The National Institute of Standards and Technology held a workshop in April 1990 to examine the role of the government in standards-related activities. A major topic of discussion was whether there is a need for a coordinating function to facilitate the timely development of standards by existing standards organizations. (A potential model for such a coordinating role is the Standards Council in Canada, in which the government plays the coordinating role.) No strong consensus was reached. However, in a summary report the institute set forth a number of conclusions dealing with standardization and conformity assessment (Leight, 1990). Several of the conclusions related to the need for closer interactions between government and industry and the need for more effort by industry to support, participate in, and monitor standard-setting activities. The report called specifically for the government to “intensify negotiating efforts to ensure foreign acceptance of products based on testing and certification performed within the United States,” and to:

. . . sponsor or co-sponsor with interested parties from the private sector a series of workshops with various industry sectors to specify more precisely the needs for coordination and representation of U.S. conformity assessment interests abroad. Then, appropriate systems should be developed to meet those needs and to promote effective application of these mechanisms in behalf of U.S. manufacturers and exporters. Particular consideration should be focused on the division of

responsibilities between Government and the private sector in a cooperative mode of operation.

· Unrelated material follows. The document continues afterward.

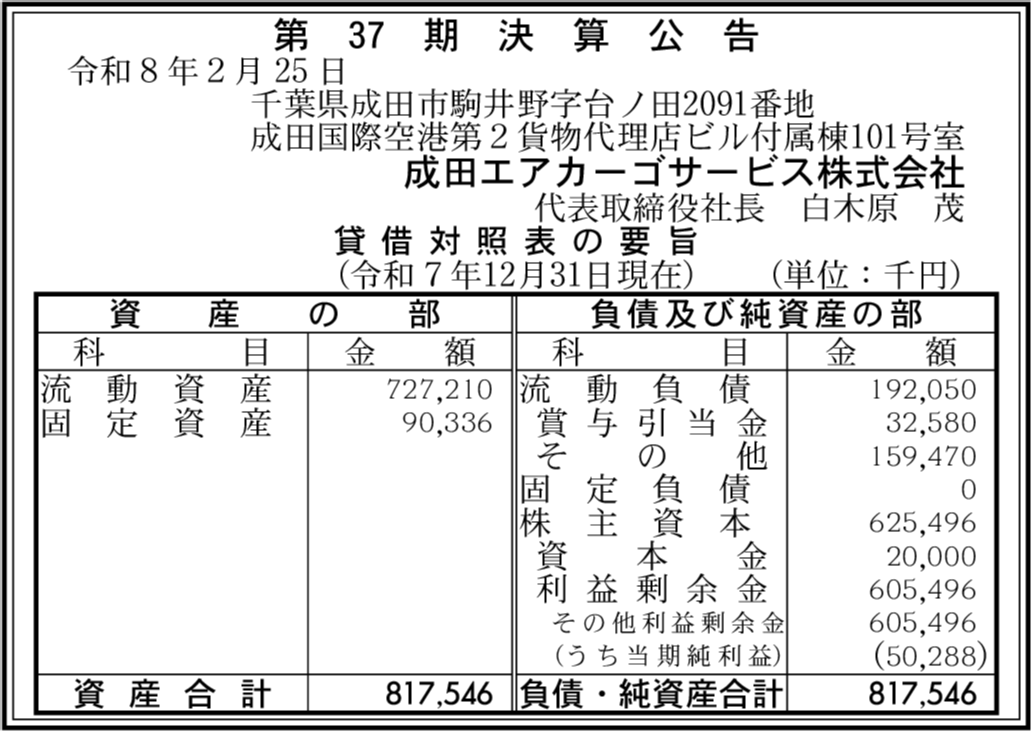 | 会社名 | 成田エアカーゴサービス株式会社 |

The danger in not maintaining leadership and full participation in international standards development is that U.S. industry will eventually be forced to accept the standards promulgated by other international or quasi-international groups such as the Community of European Nations. U.S. industry must be able to market its products within the world market without restrictive standardization barriers. Greater support and coordinated action by U.S. industry are essential to industry 's competitive future.

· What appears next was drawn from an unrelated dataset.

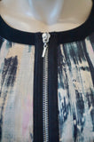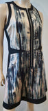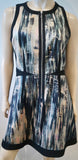 REBECCA TAYLOR Blue Black Cream Pink Abstract Print Round Neck Sleeveless Dress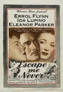 Escape Me Never is a 1947 American melodrama film directed by Peter Godfrey and starring Errol Flynn, Ida Lupino, Eleanor Parker, and Gig Young.[3]

The resistance to change on the part of design engineers, materials manufacturers, and system developers is considerable–and understandable. This resistance is partly due to the fixed design concepts for systems and the high cost of requalifying materials when specifications are changed.

Inflexibility in manufacturing is an impediment to the introduction of new materials. The lack of involvement of materials experts in designing products and manufacturing operations often means that the selection of materials is frozen very early in the product development cycle. As a consequence, new materials and processes cannot be used to enhance products and improve manufacturing or to solve manufacturing problems. Once the product is manufactured, the process is frozen. Insertion programs to replace specific components with an improved material after a thorough design analysis are one way to break this impasse and allow improvements through incremental application of new materials technology. An example of such a program is the ceramic insertion program initiated by the Advanced Research Projects Agency in early 1991.

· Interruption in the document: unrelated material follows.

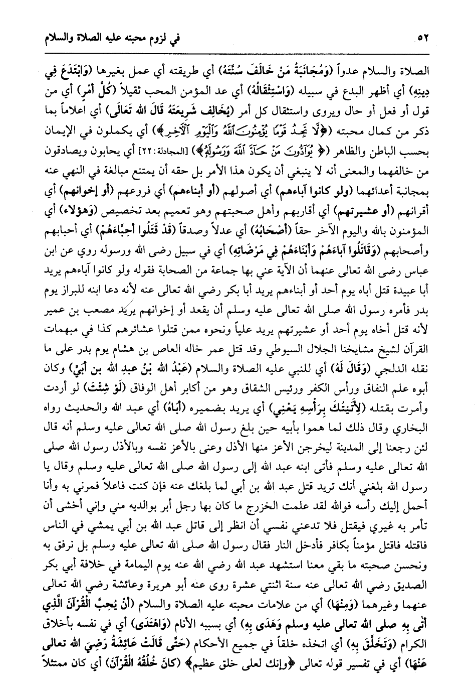 الصلاة والسلام عدوا (ومجانبة من خالف سنّته) أي طريقته أي عمل بغيرها (وابتدع في دينه) أي أظهر البدع في سبيله (واستثقاله) أي عد المؤمن المحب ثقيلا (كلّ أمر) أي من قول أو فعل أو حال ويروى واستثقال كُلَّ أَمْرٍ (يُخَالِفُ شَرِيعَتَهُ قَالَ اللَّهُ تَعَالَى) أي اعلاما بما ذكر من كمال محبته (لَا تَجِدُ قَوْماً يُؤْمِنُونَ بِاللَّهِ وَالْيَوْمِ الْآخِرِ) أي يكملون في الإيمان بحسب الباطن والظاهر (يُوادُّونَ مَنْ حَادَّ اللَّهَ وَرَسُولَهُ) [المجادلة: 22] أي يحابون ويصادقون من خالفهما والمعنى أنه لا ينبغي أن يكون هذا الأمر بل حقه أن يمتنع مبالغة في النهي عنه بمجانبة أعدائهما (ولو كانوا آباءهم) أي أصولهم (أو أبناءهم) أي فروعهم (أو إخوانهم) أي أقرانهم (أو عشيرتهم) أي أقاربهم وأهل صحبتهم وهو تعميم بعد تخصيص (وهؤلاء) أي المؤمنون بالله واليوم الآخر حقا (أصحابه) أي عدلا وصدقا (قد قتلوا أحبّاءهم) أي أحبابهم وأصحابهم (وقاتلوا آباءهم وأبناءهم في مرضاته) أي في سبيل رضى الله ورسوله روي عن ابن عباس رضى الله تعالى عنهما أن الآية عني بها جماعة من الصحابة فقوله ولو كانوا آباءهم يريد أبا عبيدة قتل أباه يوم أحد أو أبناءهم يريد أبا بكر رضي الله تعالى عنه لأنه دعا ابنه للبراز يوم بدر فأمره رسول الله صلى الله تعالى عليه وسلم أن يقعد أو إخوانهم يريد مصعب بن عمير لأنه قتل أخاه يوم أحد أو عشيرتهم يريد عليا ونحوه ممن قتلوا عشائرهم كذا في مبهمات القرآن لشيخ مشايخنا الجلال السيوطي وقد قتل عمر خاله العاص بن هشام يوم بدر على ما نقله الدلجي (وقال له) أي للنبي عليه الصلاة والسلام (عَبْدُ اللَّهِ بْنُ عَبْدِ اللَّهِ بْنِ أُبَيٍّ) وكان أبوه علم النفاق ورأس الكفر ورئيس الشقاق وهو من أكابر أهل الوفاق (لو شئت) لو أردت وأمرت بقتله (لأتيتك برأسه يعني) أي يريد بضميره (أباه) أي عبد الله والحديث رواه البخاري وقال ذلك لما هموا بأبيه حين بلغ رسول الله صلى الله تعالى عليه وسلم أنه قال لَئِنْ رَجَعْنَا إِلَى الْمَدِينَةِ لَيُخْرِجَنَّ الْأَعَزُّ مِنْهَا الأذل وعنى بالأعز نفسه وبالأذل رسول الله صلى الله تعالى عليه وسلم فأتى ابنه عبد الله إلى رسول الله صلى الله تعالى عليه وسلم وقال يا رسول الله بلغني أنك تريد قتل عبد الله بن أبي لما بلغك عنه فإن كنت فاعلا فمرني به وأنا أحمل إليك رأسه فو الله لقد علمت الخزرج ما كان بها رجل أبر بوالديه مني وإني أخشى أن تأمر به غيري فيقتل فلا تدعني نفسي أن انظر إلى قاتل عبد الله بن أبي يمشي في الناس فاقتله فاقتل مؤمنا بكافر فأدخل النار فقال رسول الله صلى الله تعالى عليه وسلم بل نرفق به ونحسن صحبته ما بقي معنا استشهد عبد الله رضي الله عنه يوم اليمامة في خلافة أبي بكر الصديق رضي الله تعالى عنه سنة اثنتي عشرة روى عنه أبو هريرة وعائشة رضي الله تعالى عنهما وغيرهما (ومنها) أي من علامات محبته عليه الصلاة والسلام (أَنْ يُحِبَّ الْقُرْآنَ الَّذِي أَتَى بِهِ صَلَّى الله تعالى عليه وسلم وهدى به) أي بسببه الأنام (واهتدى) أي في نفسه بأخلاق الكرام (وتخلّق به) أي اتخذه خلقا في جميع الأحكام (حتّى قالت عائشة رضي الله تعالى عنها) أي في تفسير قوله تعالى وَإِنَّكَ لَعَلى خُلُقٍ عَظِيمٍ (كان خلقه القرآن) أي كان ممتثلا

For companies to take advantage of newly developed materials, their products and their associated manufacturing systems should be considered concurrently and with as much versatility as the particular application allows. System developers should be made aware of new materials that would provide superior performance. They should incorporate into their design and manufacturing scheme the potential to quickly insert improved materials technology at any point in the lifetime of the product family, not just during the initial design. This will allow the fairly rapid accumulation of realistic service experience. If low-risk opportunities are selected, the cost of these demonstrations can be minimized. It must be recognized, however, that the narrow focus of insertion programs, while important for building confidence, will limit the full performance potential of the material.

Another mechanism necessary to improve the manufacturing process is a closer working relationship between materials suppliers, parts fabricators, and end users. In commercializing the use of a new material, process, or product, industry is increasingly turning to consortia that offer the opportunity for shared technical development, shared risk and cost, and enhanced communications. The Automotive Composites Consortium is a good example in the structural materials area, while the Semiconductor Manufacturing Technology Corporation is a good example in the electronic materials and components area. Such consortia may or may not include government funding. Likewise, federal laboratories may be involved in such consortia if their expertise is applicable to the overall good.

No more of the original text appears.